* [EXERCISE INSTRUCTIONS] Output exactly the lines below from the one containing "Two bedrooms including" to the last line, both included. Omit pictures.

[[ INFORMATION SUPPLIED, beginning ]]

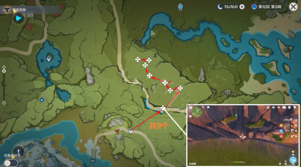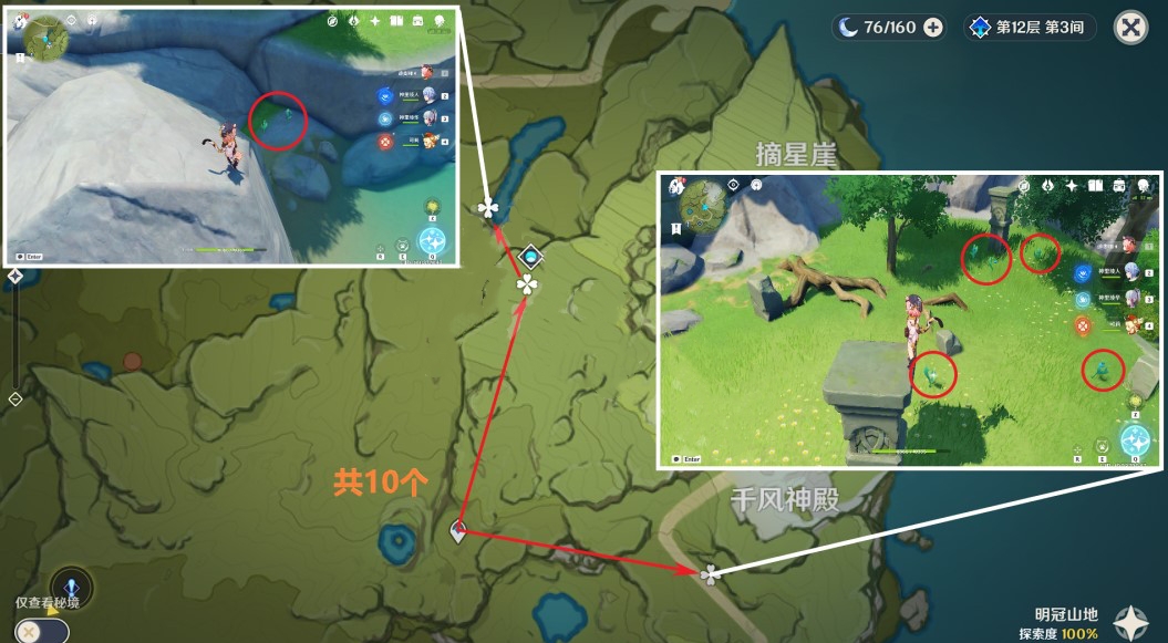 千风神殿的路线比较长,一共可以采集10株。
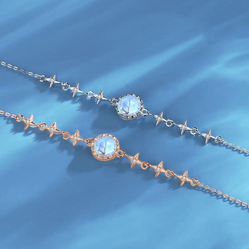 【Elegant Design】White gold bracelet, a round blue opal is inlaid with a circle of smaller moissanite bezels, full of layers, and will reflect different colors under the illumination of light or sunlight.
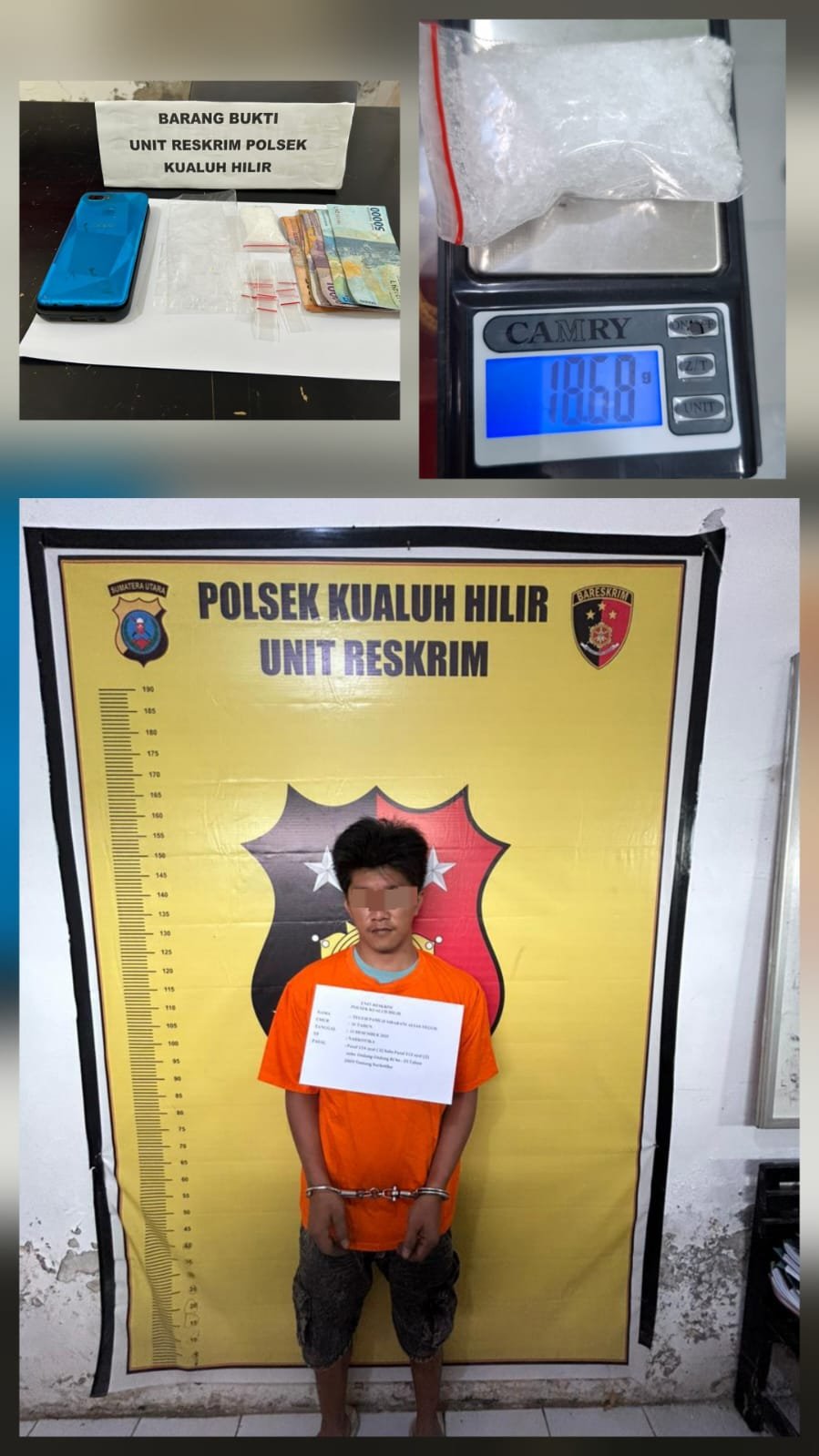 Lalu Team unit Reskrim Polsek Kualuh Hilir melakukan penyelidikan ke lokasi tersebut, setelah sampai di lokasi pukul 03.30 wib Team melakukan penyelidikan dan pengintaian selama lebih kurang 20 menit dan kemudian team opsnal polsek kualuh hilir melakukan penggerebekan di rumah tersangka dan dilakukan penangkapan oleh team kemudian team langsung mengamankan lelaki tersebut kemudian di lakukan penggeledahan di tempat tsb ditemukan di dalam tempat beras tersebut 1 (satu) bungkus plastik klip transparan besar yang di dalamnya berisikan paket Narkotika yang diduga jenis sabu- sabu dengan berat bruto 18,68 grram.
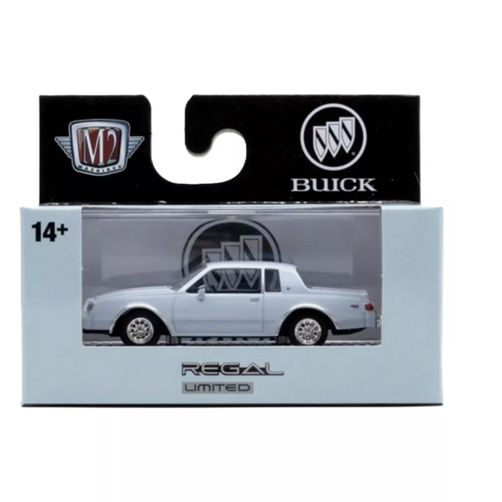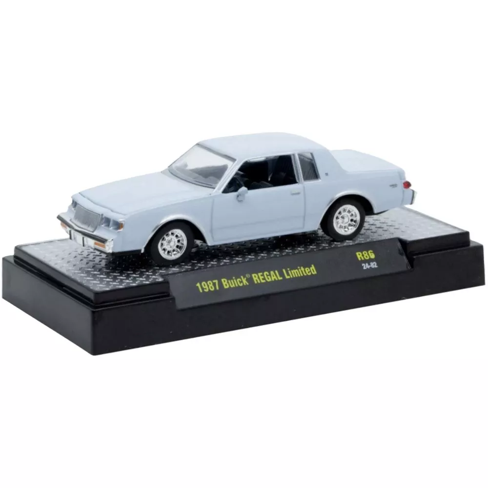 This M2 Machines Detroit Muscle Series 86: 1987 Buick Regal Limited R86 diecast car is a must-have addition to any collection. The vehicle make is Buick, and the vehicle type is a car. The car is light blue in color and has a 1:64 scale. The material used to make the car is diecast, and it was manufactured in 1987. The brand of the car is M2 Machines, and the series is Detroit Muscle.
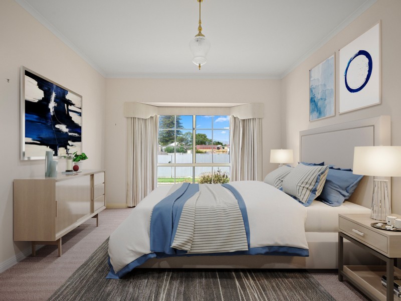 Two bedrooms including spacious master bedroom with feature bay window, each complete with lush carpet finish and extensive built in robes
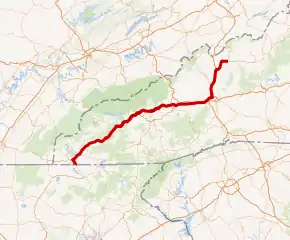 | Madison | | 134.0 | 215.7 | West end of I-26 overlap, north end of US 23 overlap, brief US 23A overlap | ||||
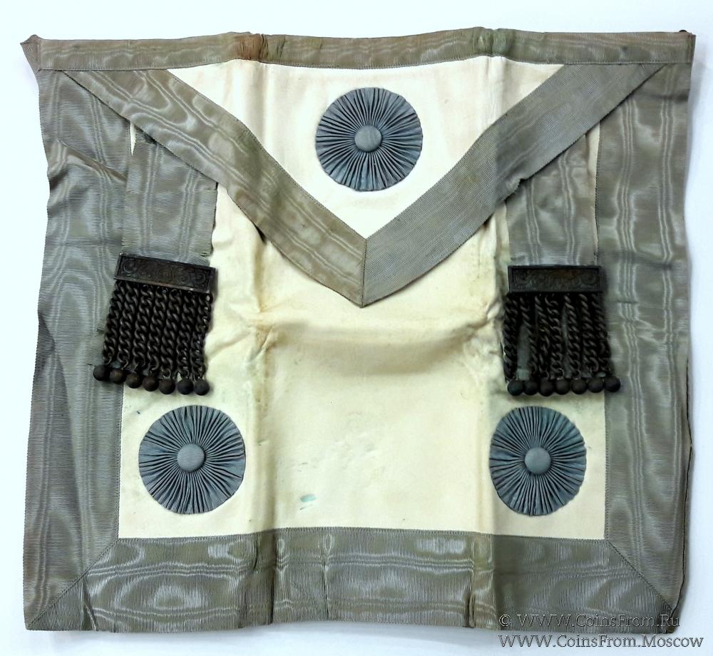 Запон из натуральной белой овчины-мерлушки подбит и оторочен голубым, ширина оторочки 50 мм (не превышает 2 дюймов).

[[ INFORMATION SUPPLIED, end ]]

* [TASK OUTPUT]
 Two bedrooms including spacious master bedroom with feature bay window, each complete with lush carpet finish and extensive built in robes
 | Madison | | 134.0 | 215.7 | West end of I-26 overlap, north end of US 23 overlap, brief US 23A overlap | ||||
 Запон из натуральной белой овчины-мерлушки подбит и оторочен голубым, ширина оторочки 50 мм (не превышает 2 дюймов).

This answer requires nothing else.